As China's economy grows more market-oriented and as the society becomes more open, an increasingly large number of Chinese have left their home to seek employment or to study in distant cities or provinces, which has made the Spring Festival traffic a great challenge to the country's transport systems.

Many of those who chose trains for long-distance journeys before had to suffer the "nightmare" of Spring Festival traffic: the trains on major railway lines were often overcrowded, with many of them having to carry four times the standard number of passengers.

"You could find people under the seats and in the aisle," said Zhang Yajin, also a migrant worker from Anhui. "It was so crowded that you couldn't even get through to the toilet."

Fortunately, the completion of many new railroads has greatly eased the traffic in the recent several years.

"If one railway line is too crowded, we may choose another as an alternative," said Zhang.

More notably, new luxury trains, featuring special advanced facilities, quality service and high prices, have also begun to shuttle between several Chinese metropolises.

During the past four years, China has increased the speed of trains four times.

Railway officials have promised that 95 percent of the trains will run on time this year, in sharp contrast to the past when delays were common practice.

Fei Xiaofeng, a farmer from Jiangsu province who has worked for hydropower projects in Beijing for four years, said he was robbed of 3,000 yuan (US$360) when he first took a bus home on the eve of Spring Festival years ago.

"But I haven't met any robbers or thieves on the trains home for the past two years," Fei said.

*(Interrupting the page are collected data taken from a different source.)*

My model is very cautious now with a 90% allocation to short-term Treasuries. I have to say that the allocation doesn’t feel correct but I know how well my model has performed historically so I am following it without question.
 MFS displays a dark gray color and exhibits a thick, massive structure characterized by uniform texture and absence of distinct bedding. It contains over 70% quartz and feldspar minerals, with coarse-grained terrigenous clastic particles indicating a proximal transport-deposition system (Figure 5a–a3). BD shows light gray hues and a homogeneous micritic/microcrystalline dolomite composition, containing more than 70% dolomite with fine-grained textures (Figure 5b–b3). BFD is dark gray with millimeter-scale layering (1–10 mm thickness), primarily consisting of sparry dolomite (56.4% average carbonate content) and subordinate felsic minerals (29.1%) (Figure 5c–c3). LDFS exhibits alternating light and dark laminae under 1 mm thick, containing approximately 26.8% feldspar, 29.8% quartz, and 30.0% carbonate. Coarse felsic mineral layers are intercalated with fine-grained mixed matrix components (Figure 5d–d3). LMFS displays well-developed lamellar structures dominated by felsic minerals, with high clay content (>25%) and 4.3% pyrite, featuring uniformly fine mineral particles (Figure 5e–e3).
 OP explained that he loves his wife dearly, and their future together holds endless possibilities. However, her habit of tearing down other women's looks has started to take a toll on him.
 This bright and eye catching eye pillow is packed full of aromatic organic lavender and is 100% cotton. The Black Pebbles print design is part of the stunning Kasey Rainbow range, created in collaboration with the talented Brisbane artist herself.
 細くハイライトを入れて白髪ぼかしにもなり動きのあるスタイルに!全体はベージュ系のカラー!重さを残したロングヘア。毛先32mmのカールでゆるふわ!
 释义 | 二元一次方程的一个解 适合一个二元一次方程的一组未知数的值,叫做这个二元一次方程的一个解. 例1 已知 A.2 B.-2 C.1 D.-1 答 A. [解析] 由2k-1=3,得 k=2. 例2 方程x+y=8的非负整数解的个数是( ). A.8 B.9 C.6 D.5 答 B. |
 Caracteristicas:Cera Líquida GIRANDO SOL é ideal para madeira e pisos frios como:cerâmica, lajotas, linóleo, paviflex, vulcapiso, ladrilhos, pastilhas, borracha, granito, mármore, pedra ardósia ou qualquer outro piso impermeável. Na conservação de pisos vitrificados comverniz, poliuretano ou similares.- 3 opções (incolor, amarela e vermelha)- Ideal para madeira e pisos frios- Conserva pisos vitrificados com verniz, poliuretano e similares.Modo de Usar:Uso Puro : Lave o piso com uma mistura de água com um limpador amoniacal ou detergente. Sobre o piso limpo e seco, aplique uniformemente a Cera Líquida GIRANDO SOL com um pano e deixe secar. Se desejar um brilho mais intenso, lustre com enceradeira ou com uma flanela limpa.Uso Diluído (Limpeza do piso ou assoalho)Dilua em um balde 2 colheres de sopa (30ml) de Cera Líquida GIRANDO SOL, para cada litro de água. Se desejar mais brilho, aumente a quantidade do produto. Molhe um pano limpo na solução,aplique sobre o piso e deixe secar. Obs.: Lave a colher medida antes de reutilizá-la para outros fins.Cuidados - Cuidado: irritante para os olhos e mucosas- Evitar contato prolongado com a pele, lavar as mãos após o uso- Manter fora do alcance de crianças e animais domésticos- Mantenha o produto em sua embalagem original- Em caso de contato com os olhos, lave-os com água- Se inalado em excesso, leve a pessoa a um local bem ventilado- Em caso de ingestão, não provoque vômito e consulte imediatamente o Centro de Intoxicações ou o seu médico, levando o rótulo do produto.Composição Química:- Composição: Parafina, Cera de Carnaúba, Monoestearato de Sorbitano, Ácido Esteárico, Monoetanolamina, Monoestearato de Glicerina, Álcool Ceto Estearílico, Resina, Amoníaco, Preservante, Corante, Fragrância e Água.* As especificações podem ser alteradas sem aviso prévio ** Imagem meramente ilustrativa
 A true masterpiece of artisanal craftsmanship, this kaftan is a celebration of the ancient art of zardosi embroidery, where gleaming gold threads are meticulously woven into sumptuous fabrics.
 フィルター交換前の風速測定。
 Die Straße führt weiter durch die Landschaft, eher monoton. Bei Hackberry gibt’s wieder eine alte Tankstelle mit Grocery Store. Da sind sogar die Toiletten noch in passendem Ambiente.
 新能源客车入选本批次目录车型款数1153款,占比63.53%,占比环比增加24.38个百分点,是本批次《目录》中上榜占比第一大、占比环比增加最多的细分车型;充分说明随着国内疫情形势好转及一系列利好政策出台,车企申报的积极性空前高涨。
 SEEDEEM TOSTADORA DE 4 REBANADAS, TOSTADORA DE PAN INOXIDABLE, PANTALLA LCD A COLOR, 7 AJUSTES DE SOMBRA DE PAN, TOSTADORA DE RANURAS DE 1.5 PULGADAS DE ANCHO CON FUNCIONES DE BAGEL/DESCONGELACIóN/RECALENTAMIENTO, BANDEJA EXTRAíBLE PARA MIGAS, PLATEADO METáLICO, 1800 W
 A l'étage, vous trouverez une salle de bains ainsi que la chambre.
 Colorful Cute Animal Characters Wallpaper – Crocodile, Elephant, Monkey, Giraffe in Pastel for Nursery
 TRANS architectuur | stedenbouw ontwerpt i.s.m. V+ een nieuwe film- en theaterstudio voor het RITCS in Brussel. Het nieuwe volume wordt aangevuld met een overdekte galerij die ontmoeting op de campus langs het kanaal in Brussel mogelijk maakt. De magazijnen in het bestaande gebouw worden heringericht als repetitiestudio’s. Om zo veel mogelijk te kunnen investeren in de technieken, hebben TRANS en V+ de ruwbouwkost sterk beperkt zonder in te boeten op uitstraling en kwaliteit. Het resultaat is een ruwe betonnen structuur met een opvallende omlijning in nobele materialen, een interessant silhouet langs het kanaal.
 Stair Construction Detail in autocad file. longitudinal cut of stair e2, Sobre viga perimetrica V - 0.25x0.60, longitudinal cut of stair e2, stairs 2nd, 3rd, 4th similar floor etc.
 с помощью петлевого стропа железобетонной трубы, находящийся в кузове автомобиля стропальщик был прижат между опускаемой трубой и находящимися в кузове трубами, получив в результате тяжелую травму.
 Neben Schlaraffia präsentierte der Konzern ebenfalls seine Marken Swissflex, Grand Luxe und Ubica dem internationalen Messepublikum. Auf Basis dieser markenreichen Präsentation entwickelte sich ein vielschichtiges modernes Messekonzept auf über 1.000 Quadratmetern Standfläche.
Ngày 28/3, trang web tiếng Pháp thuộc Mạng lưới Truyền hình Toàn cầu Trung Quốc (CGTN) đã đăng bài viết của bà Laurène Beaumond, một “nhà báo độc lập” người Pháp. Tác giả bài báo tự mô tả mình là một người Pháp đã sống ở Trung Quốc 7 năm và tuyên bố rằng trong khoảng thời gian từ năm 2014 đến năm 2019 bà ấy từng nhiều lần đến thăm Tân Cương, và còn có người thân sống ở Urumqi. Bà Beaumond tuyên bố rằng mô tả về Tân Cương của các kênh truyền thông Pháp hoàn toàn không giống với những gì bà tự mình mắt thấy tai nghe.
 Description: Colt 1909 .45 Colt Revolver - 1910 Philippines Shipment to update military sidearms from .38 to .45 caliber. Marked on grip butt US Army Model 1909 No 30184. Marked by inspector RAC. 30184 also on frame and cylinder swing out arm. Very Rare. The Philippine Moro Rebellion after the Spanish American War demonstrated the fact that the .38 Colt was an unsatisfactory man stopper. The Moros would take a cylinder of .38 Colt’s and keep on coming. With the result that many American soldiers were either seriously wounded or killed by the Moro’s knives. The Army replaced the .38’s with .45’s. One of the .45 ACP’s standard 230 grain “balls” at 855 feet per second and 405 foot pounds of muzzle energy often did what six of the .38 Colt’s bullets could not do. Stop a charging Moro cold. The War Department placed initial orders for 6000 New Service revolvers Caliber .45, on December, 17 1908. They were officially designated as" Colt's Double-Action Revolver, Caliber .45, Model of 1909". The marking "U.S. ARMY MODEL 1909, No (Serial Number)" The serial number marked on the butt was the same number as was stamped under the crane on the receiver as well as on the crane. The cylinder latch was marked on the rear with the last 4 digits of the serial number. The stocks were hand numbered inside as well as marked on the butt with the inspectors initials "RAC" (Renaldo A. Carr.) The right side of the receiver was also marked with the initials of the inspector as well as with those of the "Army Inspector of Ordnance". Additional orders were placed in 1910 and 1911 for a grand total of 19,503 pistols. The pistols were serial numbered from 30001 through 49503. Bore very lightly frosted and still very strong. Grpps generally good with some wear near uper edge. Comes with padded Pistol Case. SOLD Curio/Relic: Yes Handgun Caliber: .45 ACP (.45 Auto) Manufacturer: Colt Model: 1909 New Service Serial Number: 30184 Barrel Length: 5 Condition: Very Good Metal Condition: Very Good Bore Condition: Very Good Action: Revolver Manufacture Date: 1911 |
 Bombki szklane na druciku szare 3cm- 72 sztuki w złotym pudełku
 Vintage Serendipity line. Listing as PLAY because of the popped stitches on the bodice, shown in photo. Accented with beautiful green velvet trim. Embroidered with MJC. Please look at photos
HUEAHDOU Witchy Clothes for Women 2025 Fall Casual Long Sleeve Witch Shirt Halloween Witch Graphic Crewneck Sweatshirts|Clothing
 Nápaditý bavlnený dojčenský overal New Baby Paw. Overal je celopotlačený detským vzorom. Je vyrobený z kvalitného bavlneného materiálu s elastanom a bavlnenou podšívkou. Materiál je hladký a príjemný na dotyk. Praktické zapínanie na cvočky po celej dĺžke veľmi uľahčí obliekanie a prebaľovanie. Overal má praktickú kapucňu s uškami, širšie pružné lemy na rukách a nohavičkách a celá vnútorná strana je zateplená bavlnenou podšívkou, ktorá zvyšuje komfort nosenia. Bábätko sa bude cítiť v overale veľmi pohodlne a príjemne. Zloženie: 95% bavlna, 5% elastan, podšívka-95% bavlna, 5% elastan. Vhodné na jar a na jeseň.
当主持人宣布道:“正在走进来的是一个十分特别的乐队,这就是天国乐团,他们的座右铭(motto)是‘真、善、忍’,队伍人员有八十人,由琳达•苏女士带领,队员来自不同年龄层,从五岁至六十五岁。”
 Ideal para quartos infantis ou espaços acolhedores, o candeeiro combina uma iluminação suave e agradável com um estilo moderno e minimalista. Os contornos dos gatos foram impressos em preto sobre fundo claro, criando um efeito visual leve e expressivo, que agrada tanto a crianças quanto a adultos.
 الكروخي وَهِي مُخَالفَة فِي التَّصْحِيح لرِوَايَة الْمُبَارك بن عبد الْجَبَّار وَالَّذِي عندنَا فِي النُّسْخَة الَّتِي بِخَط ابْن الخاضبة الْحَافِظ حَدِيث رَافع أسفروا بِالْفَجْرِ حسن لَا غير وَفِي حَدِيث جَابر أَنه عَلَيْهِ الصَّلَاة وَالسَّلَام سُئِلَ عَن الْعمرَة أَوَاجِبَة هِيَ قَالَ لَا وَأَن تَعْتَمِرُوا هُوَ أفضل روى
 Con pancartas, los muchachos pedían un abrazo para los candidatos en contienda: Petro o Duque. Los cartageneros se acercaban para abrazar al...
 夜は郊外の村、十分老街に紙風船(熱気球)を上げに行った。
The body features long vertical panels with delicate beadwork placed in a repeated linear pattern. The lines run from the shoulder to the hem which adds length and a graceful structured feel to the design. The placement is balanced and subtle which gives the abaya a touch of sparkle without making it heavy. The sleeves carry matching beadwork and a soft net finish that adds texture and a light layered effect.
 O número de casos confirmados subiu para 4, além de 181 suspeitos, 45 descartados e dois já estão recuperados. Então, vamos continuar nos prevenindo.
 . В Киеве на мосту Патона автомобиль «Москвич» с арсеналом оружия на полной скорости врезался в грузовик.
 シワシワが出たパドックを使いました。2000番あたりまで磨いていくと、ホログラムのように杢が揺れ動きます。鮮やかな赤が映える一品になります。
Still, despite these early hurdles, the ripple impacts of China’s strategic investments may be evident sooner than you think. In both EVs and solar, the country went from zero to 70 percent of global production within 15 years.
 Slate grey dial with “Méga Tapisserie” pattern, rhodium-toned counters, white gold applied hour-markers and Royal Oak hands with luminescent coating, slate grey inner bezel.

He added that the train ticket is now even cheaper than a bus ticket.

During the period from 1996 to 2000, China built a total of 240,000 kilometers of roads, many of which are high-quality expressways. This has provided another way for many passengers to return home.

This year, about 1.58 billion passengers will travel by bus within the peak traffic period, up four percent over the same period last year.

It may often take far less time to travel by bus on an expressway than to travel by train.

"We have started running some large luxury buses, in which the sleeping berths for men and women are separate," a communications department official said, adding that high-speed bus transport will be developed even further in future.

The air services in China have also lowered their prices gradually, and will attract an unusually higher number of passengers than normal by offering considerable discounts during this peak traffic period.

Some air services have launched special "visiting families" flights, and many migrant workers have even reserved chartered planes to go home.

China Southern Airlines, a major air company in China, will add more than 2,500 flights during the peak traffic period.

To ensure that passengers could get home safely and conveniently, local governments in Beijing, Guangdong and other places have mobilized migrant workers to return home at an earlier time so as to avoid unduly heavy traffic.

Yu Zuyao, a delegate to the National People's Congress (NPC), regarded the Spring Festival peak traffic as a humanitarian issue, saying governments have attached increasing importance to improving traffic conditions.

Mo Jihong, a researcher with the Chinese Academy of Social Sciences, said the Spring Festival peak traffic is not only closely connected with citizens' freedom in migration, but also with their personal freedom, property and abode rights.

"Spring Festival peak traffic is not only a transport project, but also highly conducive to the protection of human rights," Mo added.

In order to safeguard the passengers' interests, China recently held its first national public hearing over railway ticket pricing, which was attended by consumer representatives who played an active role in the pricing decision process.

With the hearing playing a major role in the decision-making process, the rise in railway prices for seats during this Spring Festival has been set at a maximum of 15 percent over the same period last year, not at 30 percent as formerly proposed by the Ministry of Railway.

"I never felt I was being treated warmly as a consumer when taking trains or planes in the past, but now I feel much more respected and relaxed." said Miao Lidong, a computer engineer.